**TASK DIRECTIONS**. Every entry is to be returned exactly as it stands; the pictures are to be dropped.

**RECORDED DATA**.

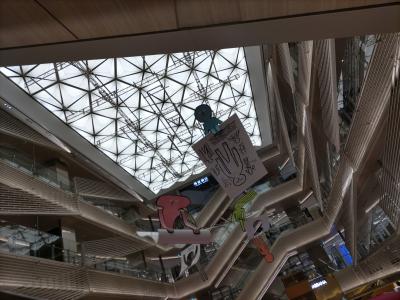 GINZA SIXを象徴する中央吹き抜けのスペースには、毎回アート作品が空中展示のような形でおかれます。訪れたときはジャン・ジュリアンのThe Departureという作品でした。空飛ぶ紙の絨毯に乗って、世界を探検する旅へ出発するというテーマなので、空中にあるのは迫力あるけど、のっている人の絵がちょっと微妙。今までの中で草間彌生のかぼちゃが、アート作品では一番よかった。
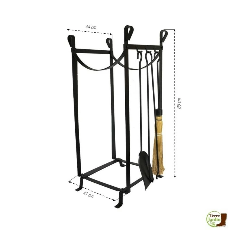 - Hyper pratique, vous pouvez disposer les plus grosses bûches sur le bas du serviteur et le petit bois sur le haut, tandis que les 3 crochets de suspension sur le côté accueillent vos ustensiles indispensables (pince à bois, pelle et balayette).
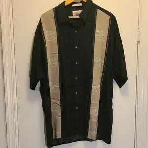 Campia Men’s XL Black Tan Panel Button Up Shirt Resort Style
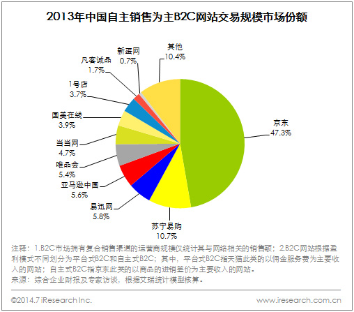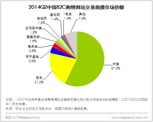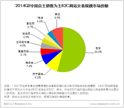從2014Q2來看,B2C市場(chǎng)中,天貓依然保持近六成的市場(chǎng)份額占比,京東占比達(dá)到21.2%,其余B2C企業(yè)中唯品會(huì)、國(guó)美在線、1號(hào)店的同比增速均高于B2C行業(yè)整體增速。從自主銷售為主B2C市場(chǎng)來看,京東占比超過五成,蘇寧易購(gòu)占比近10%,此外唯品會(huì)及國(guó)美在線占比均超過5%,市場(chǎng)集中度依然較高。
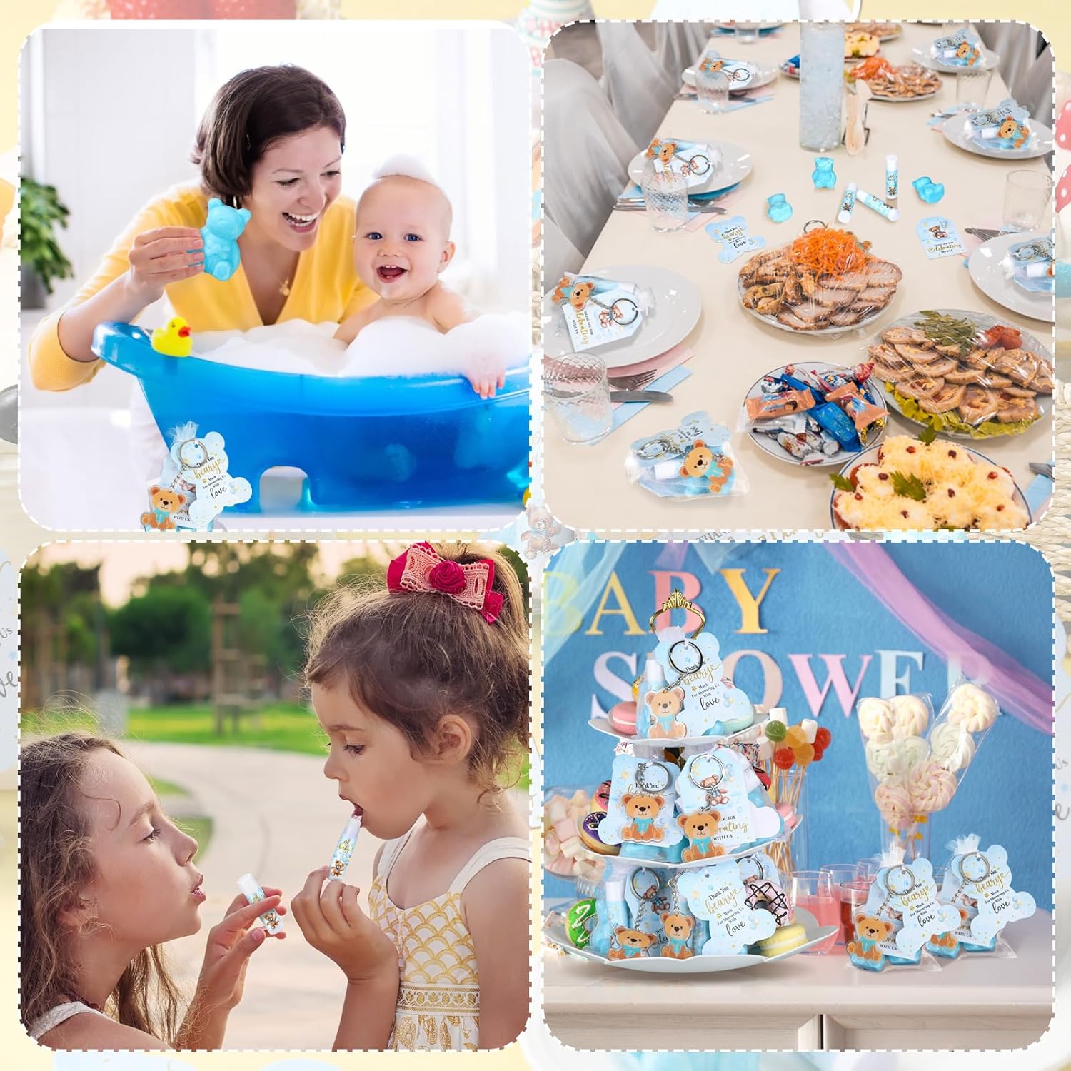 - Complete Baby Shower Favor Sets: enjoy a comprehensive baby shower favors set that are suitable for a baby shower; Each package includes 48 lip balms, 48 bear shaped soaps, 48 bear keychains, 48 organza bags, 48 thank you tags, and 48 bear shaped cards; These can be individually packaged in organza bags alongside a thank you tag, offering a sophisticated and heartfelt gesture to appreciate your guests

**TASK RESULT**.
 GINZA SIXを象徴する中央吹き抜けのスペースには、毎回アート作品が空中展示のような形でおかれます。訪れたときはジャン・ジュリアンのThe Departureという作品でした。空飛ぶ紙の絨毯に乗って、世界を探検する旅へ出発するというテーマなので、空中にあるのは迫力あるけど、のっている人の絵がちょっと微妙。今までの中で草間彌生のかぼちゃが、アート作品では一番よかった。
 - Hyper pratique, vous pouvez disposer les plus grosses bûches sur le bas du serviteur et le petit bois sur le haut, tandis que les 3 crochets de suspension sur le côté accueillent vos ustensiles indispensables (pince à bois, pelle et balayette).
 Campia Men’s XL Black Tan Panel Button Up Shirt Resort Style
從2014Q2來看,B2C市場(chǎng)中,天貓依然保持近六成的市場(chǎng)份額占比,京東占比達(dá)到21.2%,其余B2C企業(yè)中唯品會(huì)、國(guó)美在線、1號(hào)店的同比增速均高于B2C行業(yè)整體增速。從自主銷售為主B2C市場(chǎng)來看,京東占比超過五成,蘇寧易購(gòu)占比近10%,此外唯品會(huì)及國(guó)美在線占比均超過5%,市場(chǎng)集中度依然較高。
 - Complete Baby Shower Favor Sets: enjoy a comprehensive baby shower favors set that are suitable for a baby shower; Each package includes 48 lip balms, 48 bear shaped soaps, 48 bear keychains, 48 organza bags, 48 thank you tags, and 48 bear shaped cards; These can be individually packaged in organza bags alongside a thank you tag, offering a sophisticated and heartfelt gesture to appreciate your guests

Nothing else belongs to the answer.